Supplied data:
'''

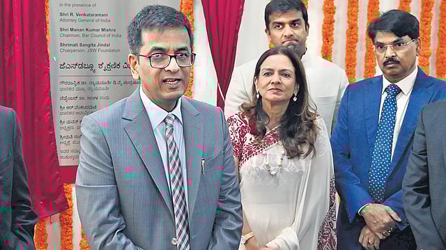 Bengaluru: The Chief Justice of India (CJI) DY Chandrachud laid the foundation stone for the JSW Academic Block at the National Law School of India University (NLSIU) on Sunday. Under the proposed plan, the existing building will be transformed into a multi-storey structure, providing state-of-the-art lecture theatres, seminar rooms, faculty offices, and collaborative research spaces.
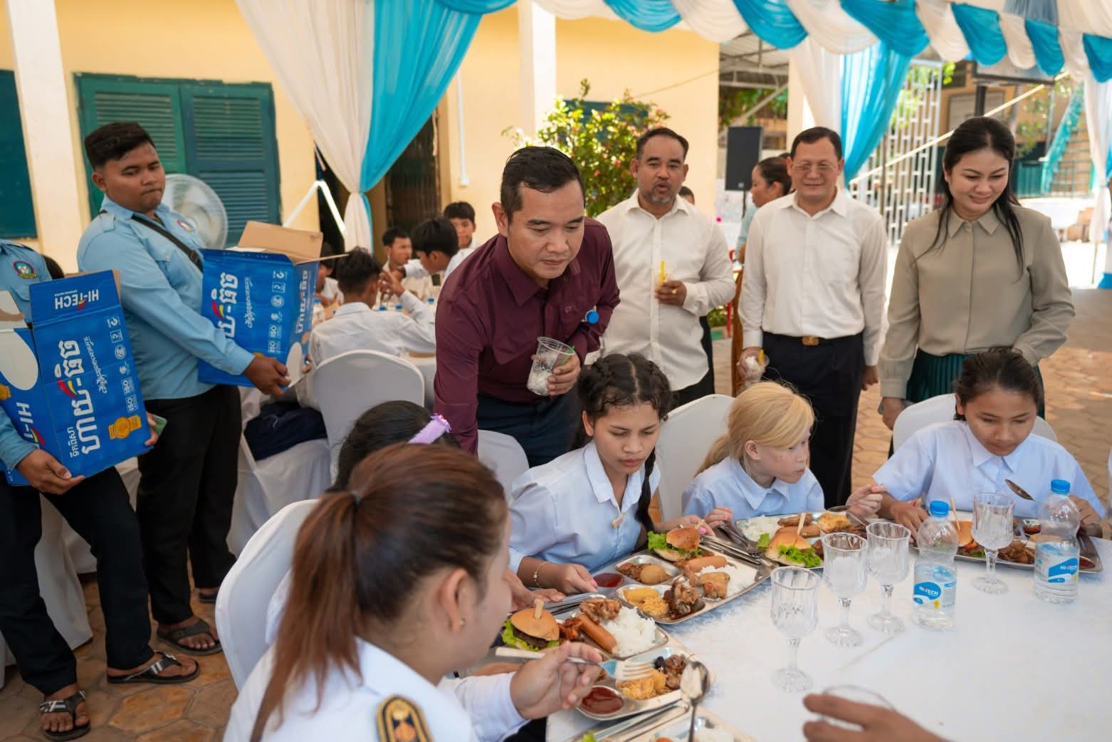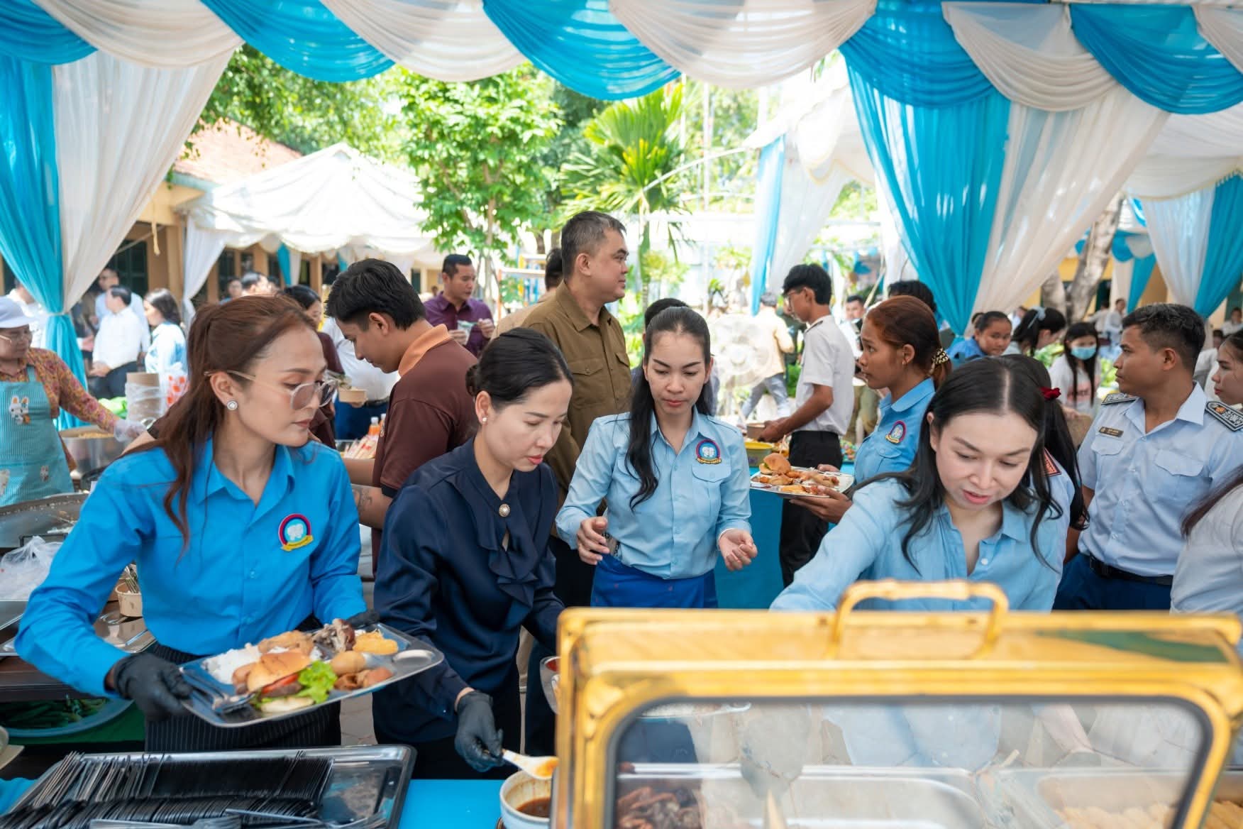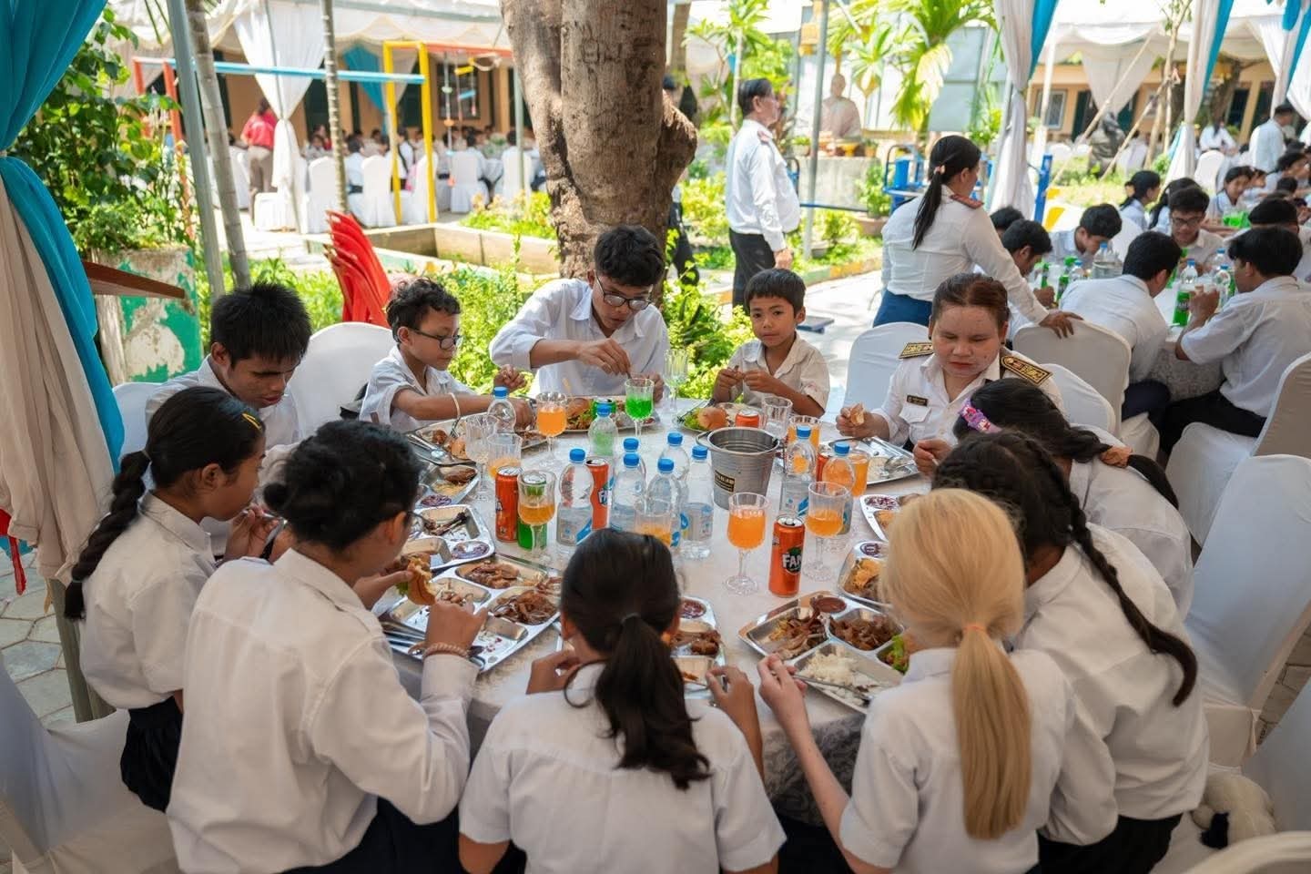 ក្នុងឱកាសនោះក៏មានរៀបចំ ជួបជុំពិសារអាហារថ្ងៃត្រង់ជូនដល់ក្មួយៗពិការ កុមាកំព្រា ដោយឯកឧត្តម លោកជំទាវ អស់លោក លោកស្រី បានធ្វើការបញ្ចុកអាហារដល់ក្មួយៗកុមារគថ្លង់ និងពិការភ្នែក ក្នុងភាពទឹកចិត្ត ជាម្តាយឳពុករបស់ក្មួយៗ ប្រកបដោយភាពស្និតស្នាល ក្នុងការអាណិតអាសូរដល់ក្មួយៗកុមារពិការបំផុត ៕
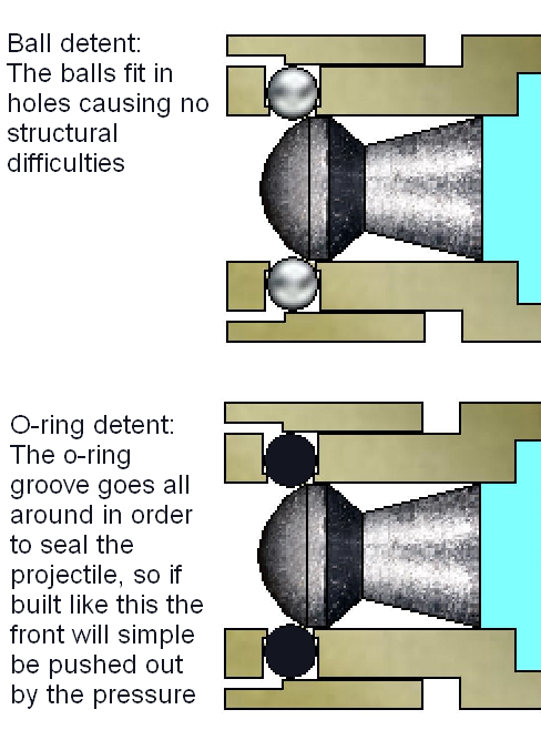 An o-ring detent is however preferable for several reasons, namely it has the dual function of both holding and sealing the projectile, as well as holding the projectile over its entire circumference as opposed to specific points like the ball detent.

'''

Retype the whole of the data verbatim. Skip every picture.

Written response:
 Bengaluru: The Chief Justice of India (CJI) DY Chandrachud laid the foundation stone for the JSW Academic Block at the National Law School of India University (NLSIU) on Sunday. Under the proposed plan, the existing building will be transformed into a multi-storey structure, providing state-of-the-art lecture theatres, seminar rooms, faculty offices, and collaborative research spaces.
 ក្នុងឱកាសនោះក៏មានរៀបចំ ជួបជុំពិសារអាហារថ្ងៃត្រង់ជូនដល់ក្មួយៗពិការ កុមាកំព្រា ដោយឯកឧត្តម លោកជំទាវ អស់លោក លោកស្រី បានធ្វើការបញ្ចុកអាហារដល់ក្មួយៗកុមារគថ្លង់ និងពិការភ្នែក ក្នុងភាពទឹកចិត្ត ជាម្តាយឳពុករបស់ក្មួយៗ ប្រកបដោយភាពស្និតស្នាល ក្នុងការអាណិតអាសូរដល់ក្មួយៗកុមារពិការបំផុត ៕
 An o-ring detent is however preferable for several reasons, namely it has the dual function of both holding and sealing the projectile, as well as holding the projectile over its entire circumference as opposed to specific points like the ball detent.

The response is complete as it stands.